Касси широко улыбнулась:

— С удовольствием, ваше медвежекоролевское высочество.

Она вложила ладонь в его лапу. Пальцы ее казались совсем крошечными.

— Не упади на меня, — приказала она. До его плеча ей было не достать, поэтому она довольствовалась тем, что положила руку ему на предплечье. Пальцы глубоко погрузились в кремово-белый мех.

Он аккуратно повел ее в танце по залу. Лапа закрывала ей половину спины. Они танцевали в полной тишине; далеко за садом низкое солнце освещало горизонт густым янтарем. По льду разлился теплый оранжевый свет. Это было… Ей в голову внезапно пришло слово «романтично». Он кружил ее. Она смотрела на его мех, и у нее кружилась голова.

Я счастлива здесь, поняла вдруг она. Мысль эта словно поставила ее на самый край берегового утеса.

— Нам нужна музыка, — сказала она, пытаясь развеять эту атмосферу.

— Я могу для тебя спеть.

— Ты умеешь петь?

— Нет.

Она снова заулыбалась; он наклонил ее в танце. Мне так хорошо здесь из-за Медведя, подумала она. В лицо ей блеснул золотой луч, и на глаза накатили слезы. Он потянул ее вверх, и она выпрямилась.

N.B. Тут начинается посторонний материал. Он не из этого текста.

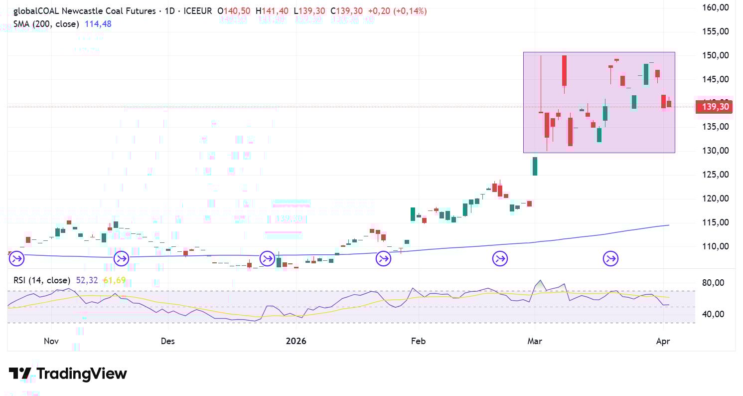 Batu bara ini ditutup di bawah level pembukaannya untuk tiga hari berturut-turut. Namun demikian, komoditas ini tetap mempertahankan tren naik dalam jangka lebih panjang karena tetap teguh di atas Simple Moving Average (SMA) 200-hari. Relative Strength Index (RSI) 14-hari di 52,32 menunjukkan bahwa momentumnya bullish-ke-netral karena indikator ini melayang sedikit di atas level netral 50.
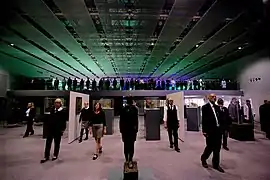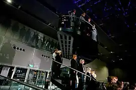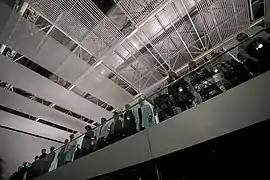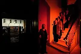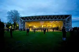 The Observatory was a site-responsive piece presented as part of the Norfolk & Norwich Festival and created as part of a partnership with the Sainsbury Centre for Visual Arts (SCVA) and the University of East Anglia (UEA). The piece was an exploration of humankind's relationship with space - and our gradual attempts to understand and explore it with the poetic, the scientific and the musical. Weightlessness, distance, fear of the unknown, infinity and astronomical geometry inspired this piece which was staged in and around the SCVA. The SCVA provided a futuristic background for this piece which informed the design of the show – and also the opportunity for the audience to experience this iconic building quite differently. There was a choir of 200 and an audience of 750 across 3 shows.[7]
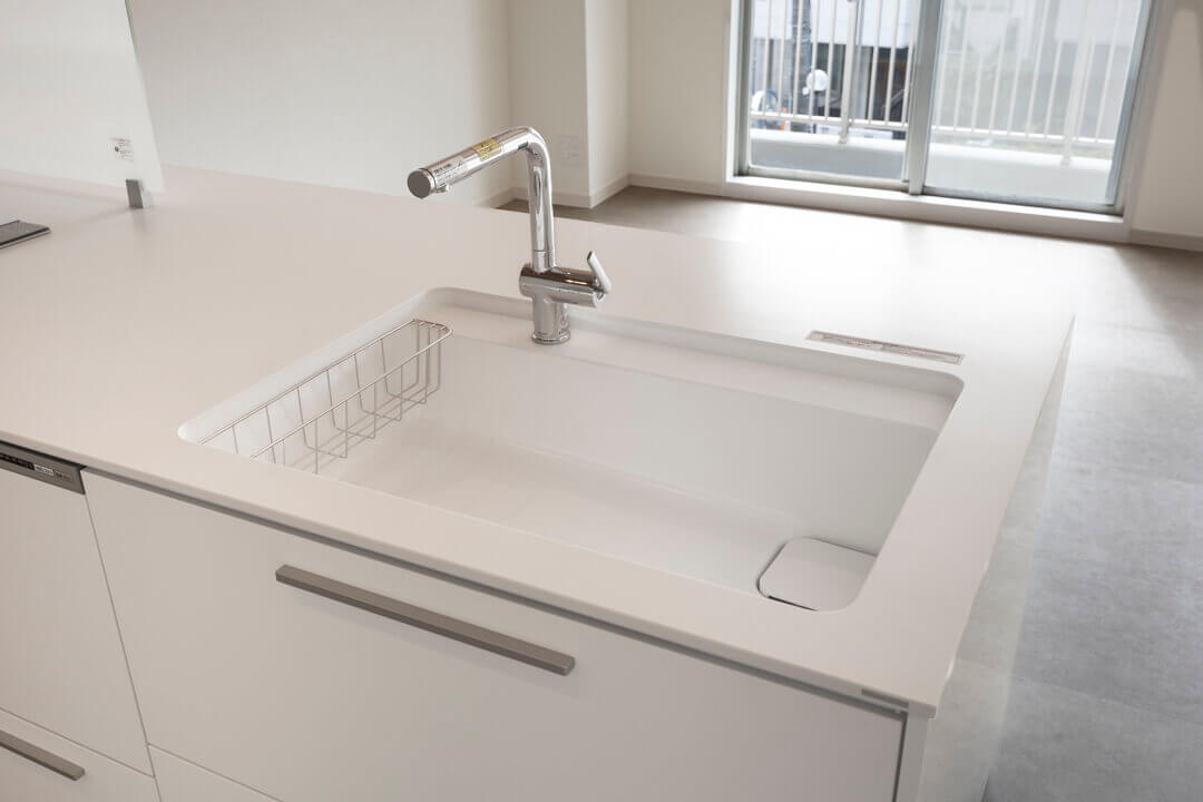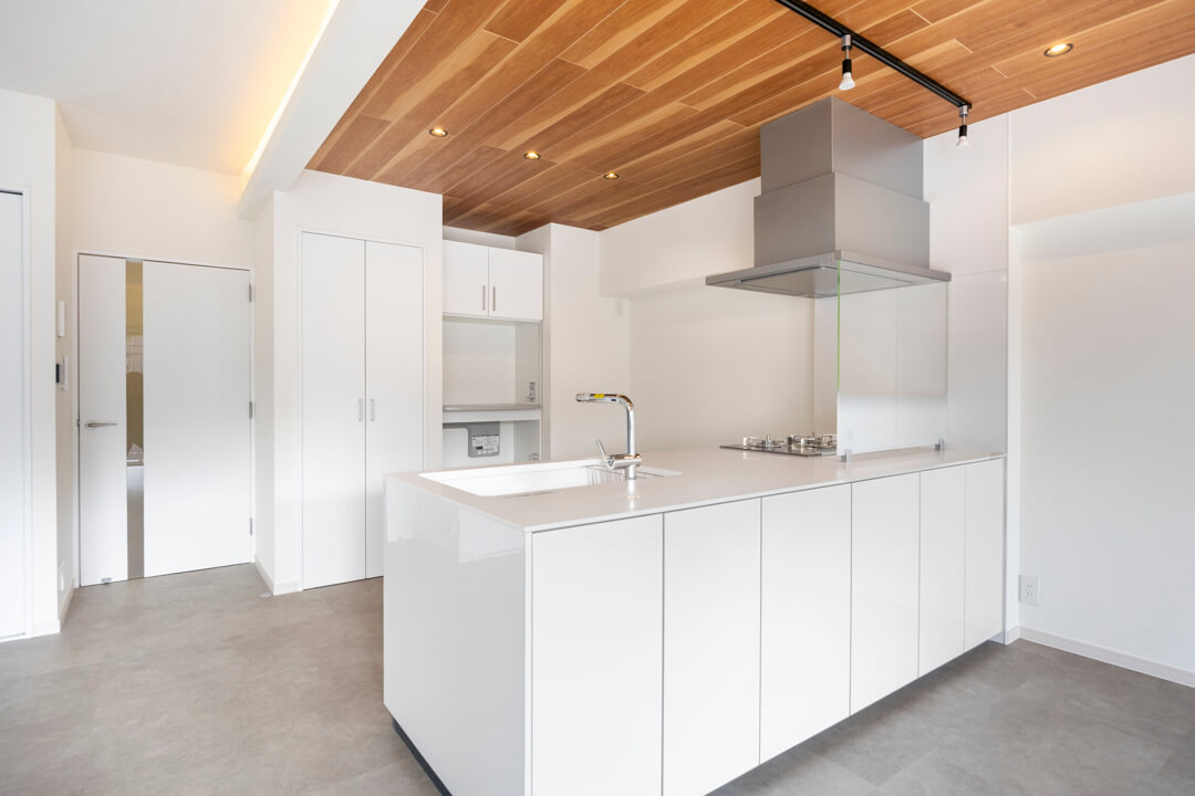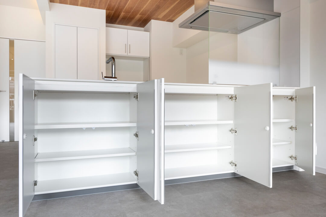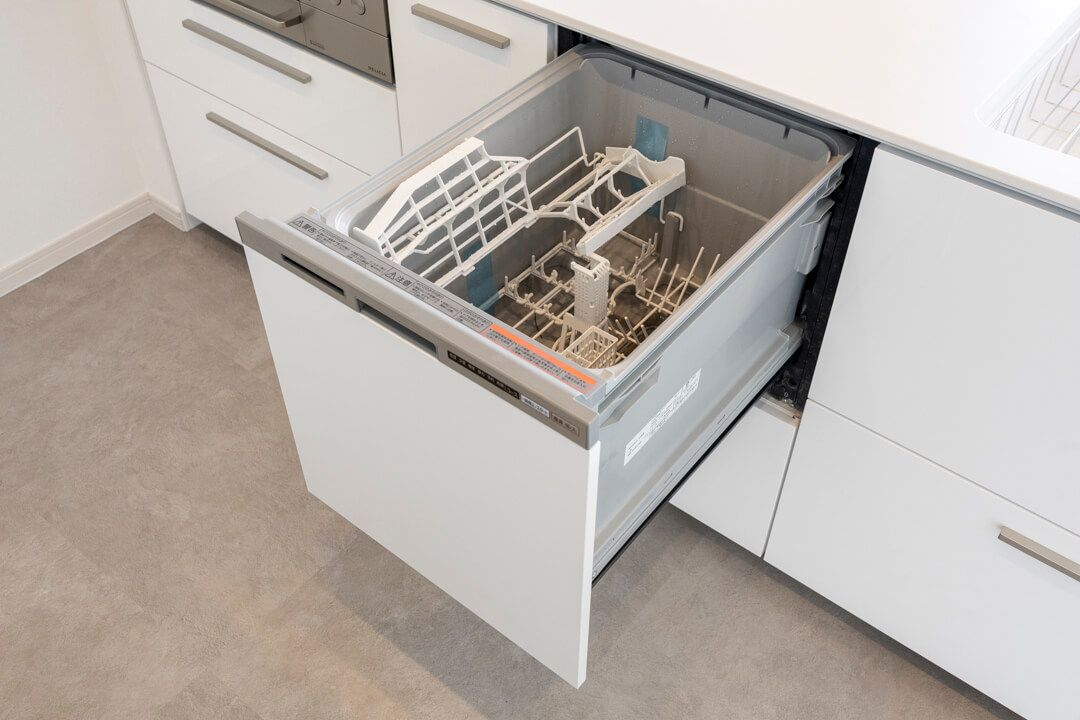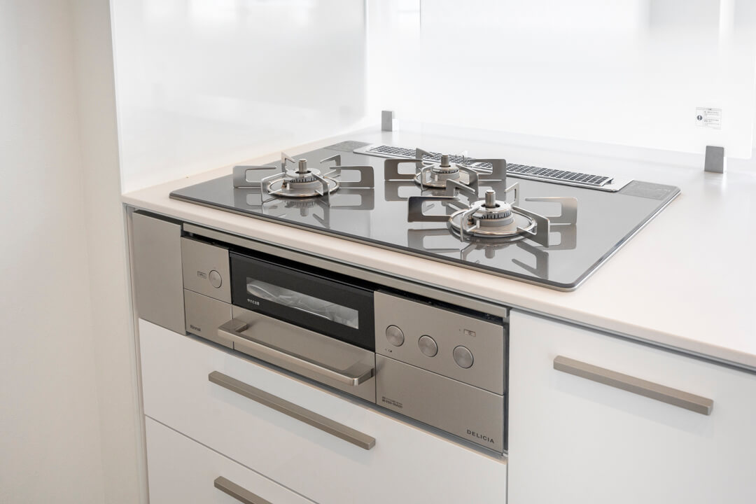 リビングダイニングが見渡せる開放的なオープンキッチン。家族やゲストと会話が弾む、小さなお子さんがいるご家庭では子どもの姿も見守れます。料理が捗る3口ガスコンロ、家事の時短に心強い食洗機付き。カップボードも設置されていて、炊飯器などのキッチン家電置場には蒸気排出ユニットも付いています。
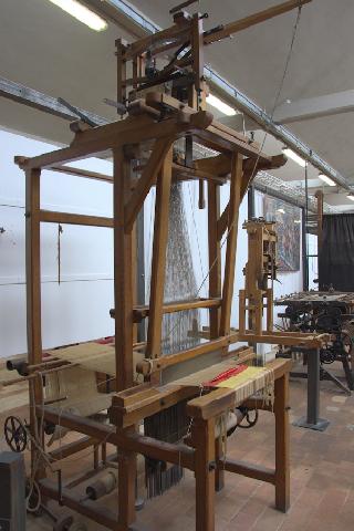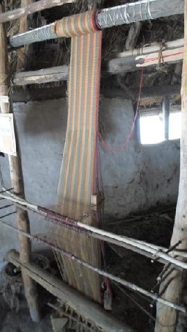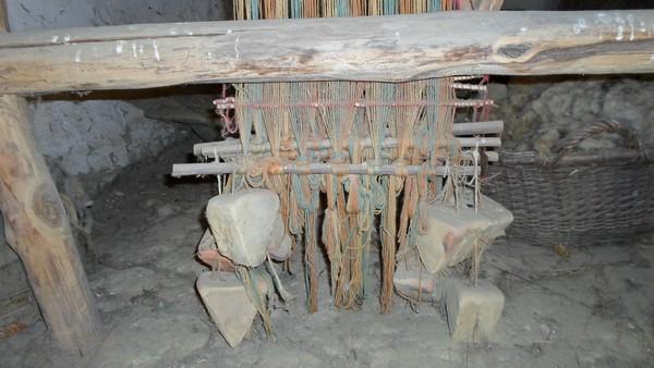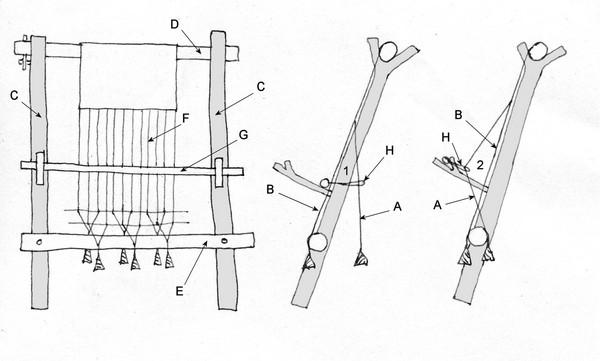 Les pesons sont ici attachés à une barre sur laquelle vient se nouer des groupes de fils de chaîne. On n'a donc pas besoin d'avoir beaucoup de pesons et ils peuvent être plus lourds que des pesons qu'on attache directement aux groupes de fils de chaîne. |
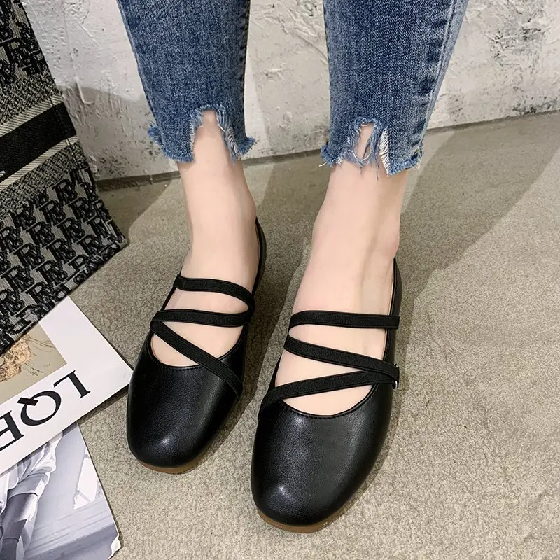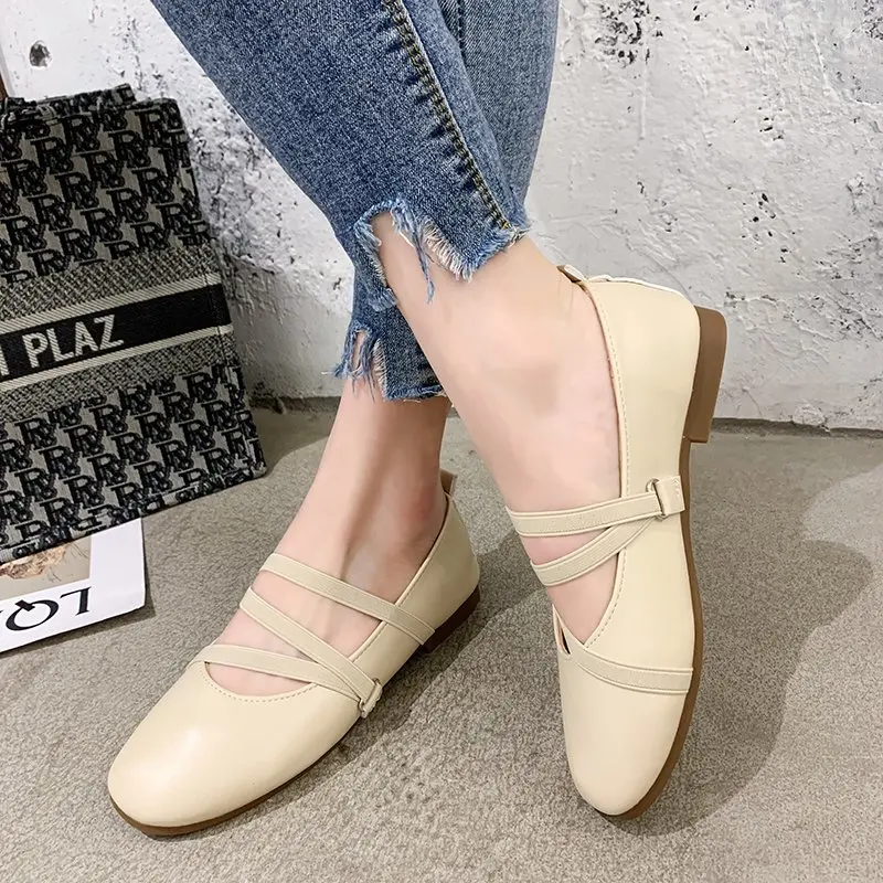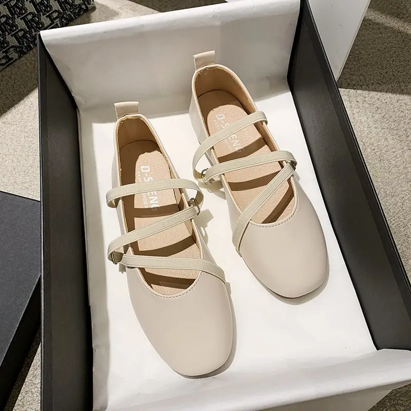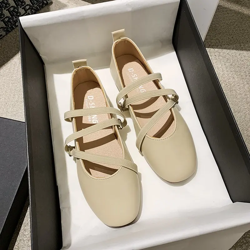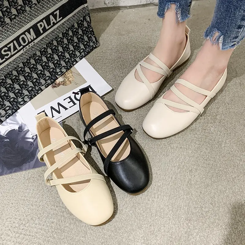Балетки женские на плоской подошве, удобные туфли мэри джейн с эластичным ремешком, без застежки, повседневная обувь, 9010C, весна-осень
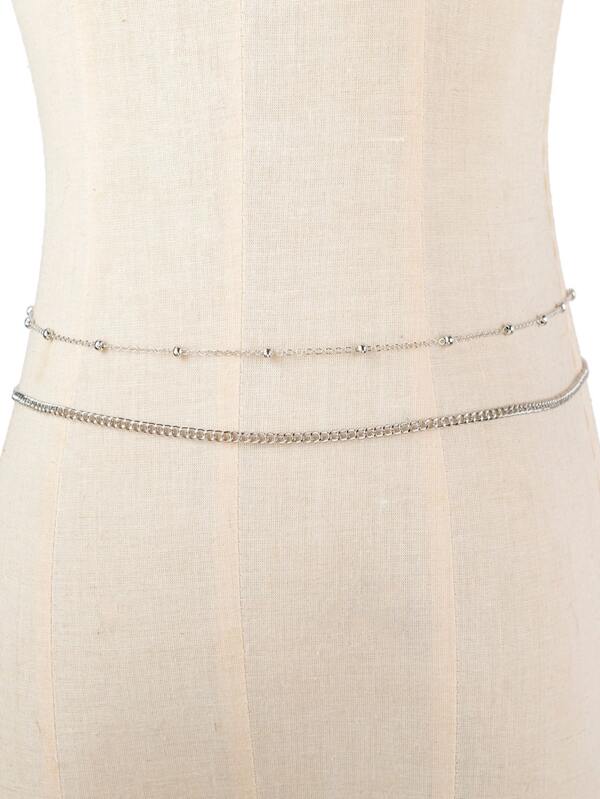Two Women's Silver-color Waist Chain Set Personality Metal Wind Fashion Waist Chain Simple Bead thin waist chain
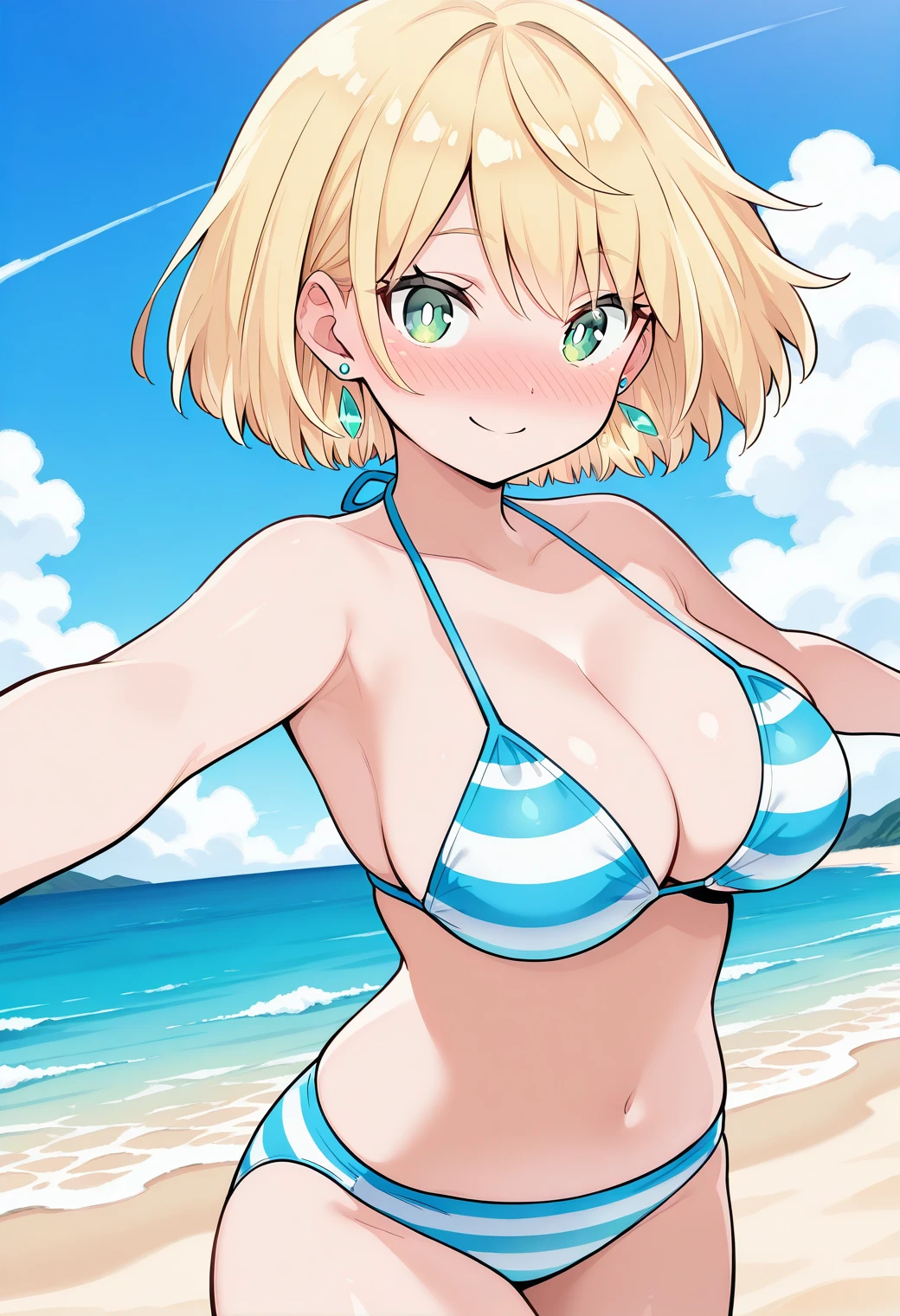 Trigger word: takinami_remon, green eyes, blonde hair, short hair, earrings,

— Солнце, — поспешила объяснить Касси.

— Это последние лучи солнца, — отозвался Медведь.

Она оступилась и чуть не упала. Он поддержал ее под руку. Как же случилось, что она задержалась здесь так надолго? Что думает ее отец? А бабушка? И мама. Она потрясла головой. Ей не хотелось сейчас думать о маме; не сейчас, когда солнце закатывалось за горизонт. Ей всегда нравилось ловить эти последние лучи солнца перед долгой полярной ночью.

— Пошли со мной, — сказал Медведь. Он опустился на четыре лапы и трусцой поспешил из зала.

— Ты разве не хочешь посмотреть? — окликнула его она.

— А ты разве не хочешь найти обзорную площадку получше? — отозвался он.

Расплывшись в улыбке, она погналась за ним. Ей всего пару раз случалось бывать на башнях. Медведю не нравились узкие лестницы. Один из предшественников создал их для людей, совсем не подумав о медведях. И, как сообщил Касси ее спутник, его смущала необходимость вилять, поднимаясь и спускаясь. Она неделями дразнила его на этот счет, но сейчас не стала. Сегодня все казалось ей каким-то другим. Может, из-за того, что они расставались с солнечным светом? А может, из-за танца…

Медведь протиснулся на лестничную площадку и стал взбираться по винтовым ступеням. Выйдя на балкон, Касси подошла к изящно изогнутым перилам.

— Осторожно, — предостерег Медведь.

Она, не слушая, перегнулась через ограду:

— Ты только посмотри! — выдохнула она.

Перед ней расстилалась Арктика, вся залитая золотом и серебром, точно огромная сокровищница. Невероятное, громадное небо светилось синевой. Ленты розовых облаков таяли в сгущающейся синеве, окрашивая небо лазурью.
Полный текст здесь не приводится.